======== Study material ========

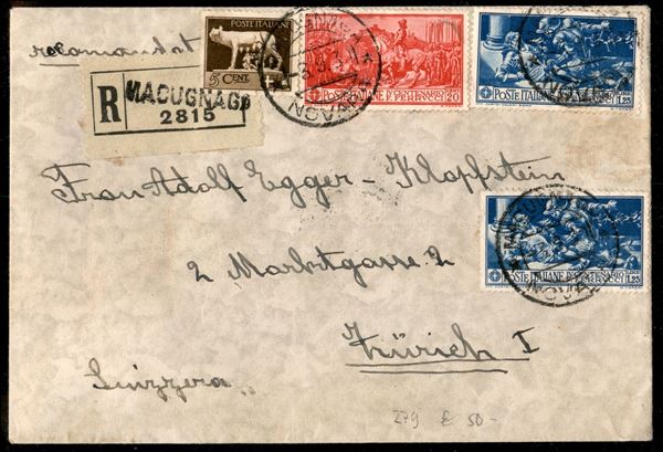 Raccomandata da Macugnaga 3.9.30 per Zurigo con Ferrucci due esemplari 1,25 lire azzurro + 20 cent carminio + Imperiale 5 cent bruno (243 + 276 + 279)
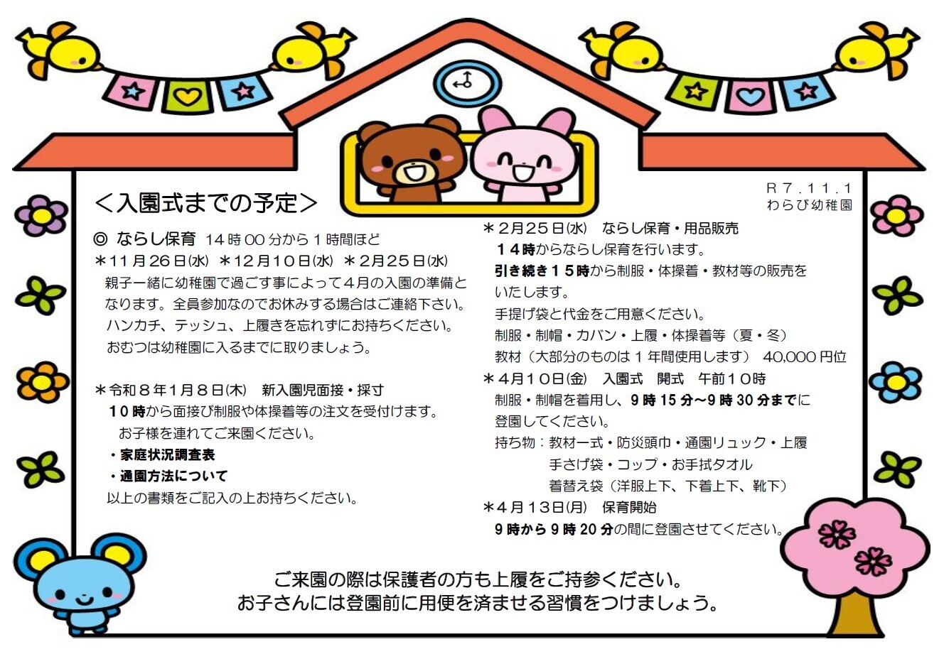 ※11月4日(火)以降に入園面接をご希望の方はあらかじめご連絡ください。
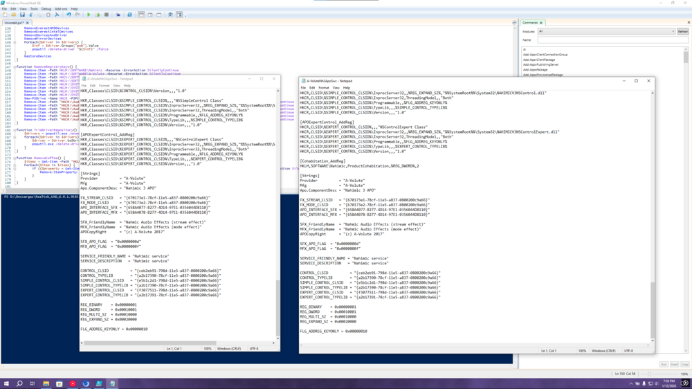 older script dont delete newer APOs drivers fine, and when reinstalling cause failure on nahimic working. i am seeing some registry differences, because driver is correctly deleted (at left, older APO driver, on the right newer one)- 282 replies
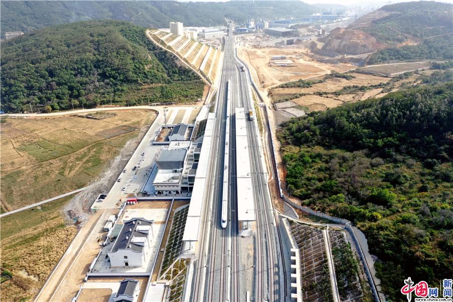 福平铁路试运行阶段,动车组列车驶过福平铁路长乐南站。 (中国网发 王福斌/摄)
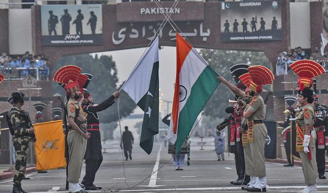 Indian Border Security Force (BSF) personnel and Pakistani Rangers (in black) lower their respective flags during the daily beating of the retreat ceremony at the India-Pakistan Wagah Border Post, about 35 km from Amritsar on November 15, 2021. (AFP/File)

========
======== Study material ========

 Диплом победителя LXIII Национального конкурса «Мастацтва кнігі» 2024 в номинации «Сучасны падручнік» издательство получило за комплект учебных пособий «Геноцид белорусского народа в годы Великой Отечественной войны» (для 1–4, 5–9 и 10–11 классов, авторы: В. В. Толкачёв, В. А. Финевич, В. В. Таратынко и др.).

========

■ What this task involves:
Working from the data above, repeat exactly, and only, the lines that begin at the line containing "Raccomandata da Macugnaga" and stop after the line containing "Indian Border Security"; pictures are not copied.

■ Solution to this problem:
 Raccomandata da Macugnaga 3.9.30 per Zurigo con Ferrucci due esemplari 1,25 lire azzurro + 20 cent carminio + Imperiale 5 cent bruno (243 + 276 + 279)
 ※11月4日(火)以降に入園面接をご希望の方はあらかじめご連絡ください。
 older script dont delete newer APOs drivers fine, and when reinstalling cause failure on nahimic working. i am seeing some registry differences, because driver is correctly deleted (at left, older APO driver, on the right newer one)- 282 replies
 福平铁路试运行阶段,动车组列车驶过福平铁路长乐南站。 (中国网发 王福斌/摄)
 Indian Border Security Force (BSF) personnel and Pakistani Rangers (in black) lower their respective flags during the daily beating of the retreat ceremony at the India-Pakistan Wagah Border Post, about 35 km from Amritsar on November 15, 2021. (AFP/File)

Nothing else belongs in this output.